Murphy's investment abated a nasty problem at the 22-acre complex that resulted in storm water from warehouse roofs and asphalt lots surging into an antiquated maze of storm and sanitary sewers that led to occasional dirty discharges into the Mississippi River.

Murphy, a landscape architect by training, retained Wenck Engineers to design and construct a retention pond and rain gardens that have started to collect 95 percent of the rainwater to irrigate several newly seeded acres of prairie grasses that are the company's new "front yard."

Murphy will recover the cost within eight years through abatement of a $68,000 annual city storm-sewer assessment. And that was before his chief financial officer realized the company was allowed to depreciate 50 percent of the project in the first year under 2008 federal tax law designed to spur investment in environmental and clean-energy projects.

The American Council of Engineering Companies recognized Murphy and Wenck with the Minnesota Engineering Excellence Award this spring. And Minneapolis city officials have highlighted the project for pollution abatement and resource stewardship.

Oh, Murphy also will save tens of thousands of dollars annually on lawn maintenance.

Acres in prairie grass

This is not the first prairie grass project for Murphy Warehouse.

"We've saved $500,000 in Fridley alone since 1994 simply because we don't have to cut the lawn," Murphy said. "We put several acres in prairie grass. That's $4,200 an acre annually we're not spending on mowing, fertilizer and water. It's beautiful. The city, our neighbors and some of our customers compliment us all the time."

Murphy, 56, who has a graduate degree in landscape architecture from Harvard University, also is a University of Minnesota-schooled MBA. He has decided that his company, which employs nearly 200, can be a green-economy leader in an industry better known for barren big-box campuses with lots of asphalt.

Without much prodding, Murphy pulls out a PowerPoint presentation that demonstrates how the huge warehouse industry can green itself financially and environmentally.

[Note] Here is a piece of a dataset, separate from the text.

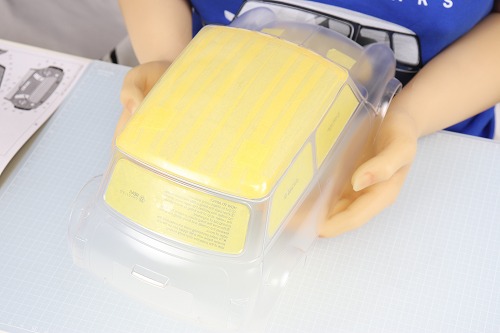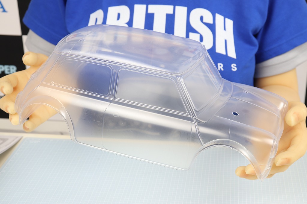 ちなみに、ボディは最初から穴があいており、タイヤのアーチ部分もカット済みです。なので、直線的にカットするだけでOKです。

How big is this industry? With 5 billion square feet of storage space across the country, the industry could store a 4-foot by 4-foot box for each of the 300 million Americans.

Improvement investments

Murphy ticked off a list of investments his company has made since he took over in 1993 to conserve energy and cut pollution while increasing lighting and employee comfort and creating more appealing campuses.

For example, Murphy:

• Expanded in 1999 through a new 406,000-square-foot distribution center on 26 acres near Interstate 694 in Fridley that once were a polluted, abandoned tract with a negative net worth of $400,000. After cleanup, Murphy put 11 acres into prairie and a stormwater-runoff pond that is frequented by waterfowl, birds, deer, rabbits and foxes. The site pays about $500,000 annually in local property taxes.

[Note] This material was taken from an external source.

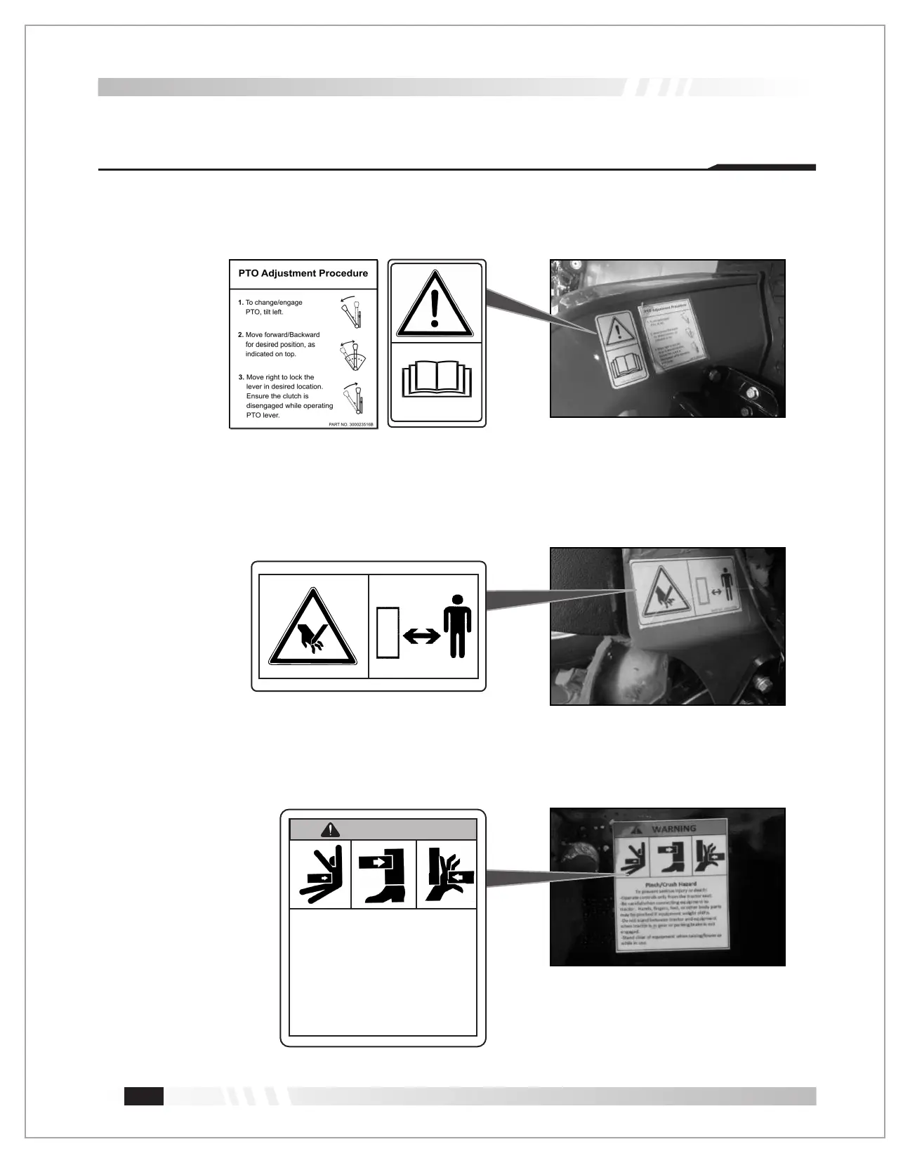 Safety labels for reading operator’s manual for PTO

• Reroofed and added insulation to most facilities over the last decade, added energy-efficient boilers, high-efficiency lighting and even custom-sewn, quilted moving blankets to cover metal dock plates during the winter when they are not in use. The moves, which involve paybacks of one to several years, also have created brighter, more comfortable work spaces and far lower heating and cooling bills.

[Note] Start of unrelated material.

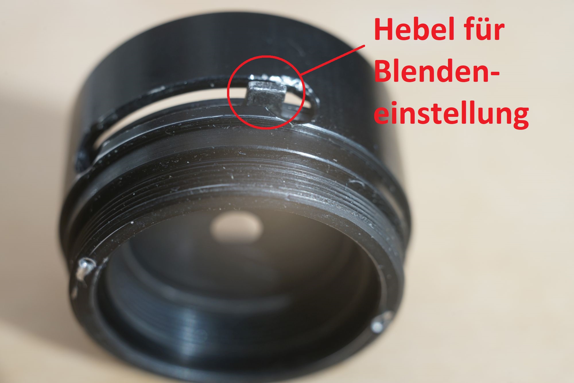 Ich habe es dann doch geschafft. Man sieht übrigens den Hebel, der die Blendensteuerung mit dem Blendenring

• Gradually replaced older forklifts with 150 propane-fueled and electric forklifts that have helped reduce indoor air emissions by half to well below federal minimums.

Lawns become flowers

Guided by Prairie Restorations of Princeton, Minn., the company has put nearly 25 acres of once-manicured lawns into prairie grasses and flowers. Murphy also has planted 732 pollution-absorbing trees that also cut summer cooling costs with their shade.

Murphy, who practiced several years as a landscape architect before joining the company, admits he's more environmentally oriented than some. However, he can justify every move with a payback period.

"You also have to think this is the right thing to do, whether you are a landscape architect or not," he said. "And we have 34 family stockholders who support this.

"We also want to be leaders and good partners with our customers in storage and logistics services. They see what we are doing," Murphy added. "We are a service business. And our customers, increasingly within the next three to five years, will come to us for help with 'greening' their business. People seem to like what we're doing."